Джорджио, услышав эти крики, упал как подкошенный, задрожал всем телом, залязгал зубами. Экая заячья душа! Ринальдо приказал Лодовико вынести оробевшего вояку в зал, где был дневной свет. Лодовико вытащил Джорджио по проходу назад и с трудом внес в зал, где наш герой забился в конвульсиях. Лодовико поднял шум, сбежались люди, и Джорджио отнесли на кровать, где Лодовико пустил ему кровь, а смотрительница дала желудочные капли. Джорджио, казалось, находился при последнем издыхании.
Смотритель, еще не совсем пришедший в себя после ужаса, который нагнали на него летучие мыши, попеременно то молился, то сыпал проклятья. Лизберта и ее мать пели дрожащими голосами покаянный псалом. Людовико спокойно осушил полбутылки вина.

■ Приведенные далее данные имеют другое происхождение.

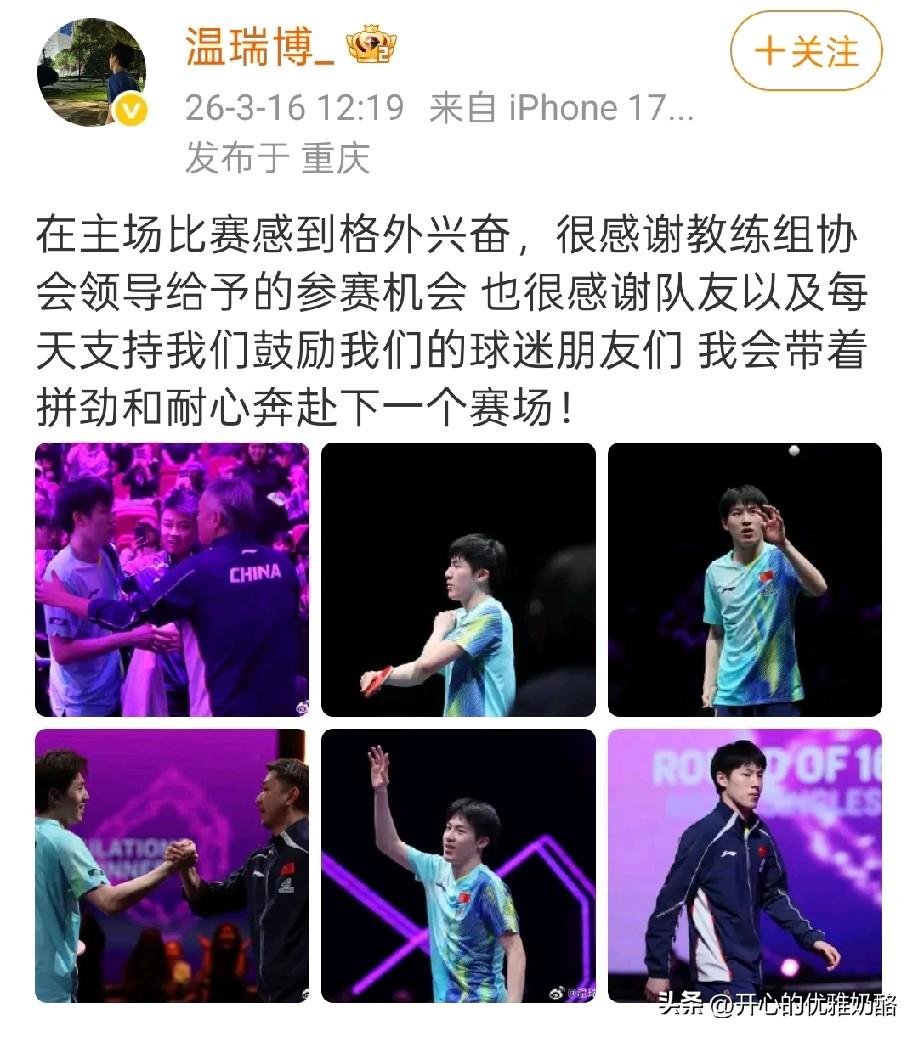 温瑞博感谢了所有人,要带着拼劲和耐心奔赴下一个赛场。 其实最应该感谢他,在上半区失守,一个小将守住下半区进决赛。 小温是重庆冠军赛一匹黑马,不仅向所有人证明实力,也展示了自己的个人魅力。 温瑞博说此时不搏何时搏,他说到也做到了,在赛场上敢于亮剑,不惧和高手过招,一个小将能坚定守住半区,打出21-19的爆分 ,心理素质绝对过硬。 小温总结的非常好,拼劲和耐心一个都不能少。 加油温瑞博,下一个赛场见。 图片来自网络侵权可删。

Тем временем Ринальдо не стоял у двери без дела. Он стучал и кричал:
— Кто там есть, открывай дверь, или я ее сломаю!
Из глубины послышался вопрос:
— Кто нарушает покой обитателей подземелья?
— Человек, который хочет их узнать, — ответил Ринальдо. — Открывайте, или я сломаю дверь.
— Если ты в силах выдержать обличье тех, кто обитает в подземелье, так пусть граф Мартаньо даст тебе ключи от этой двери.
— Граф Мартаньо не живет более на этом свете. Он уже два года как умер, — ответил Ринальдо.
Тут наступила пауза, длившаяся для Ринальдо слишком долго. Он пустил в ход лом, и дверь распахнулась.
Теперь Ринальдо оказался в темном подвале. Какая-то высокая фигура ускользнула от него, паря в воздухе. Ринальдо немедля кинулся за ней, но она захлопнула за собой железную дверь. Ринальдо споткнулся о скамью, свеча его погасла. Где-то в углу причитала женщина.
— Праведное небо, позволь мне уснуть вечным сном!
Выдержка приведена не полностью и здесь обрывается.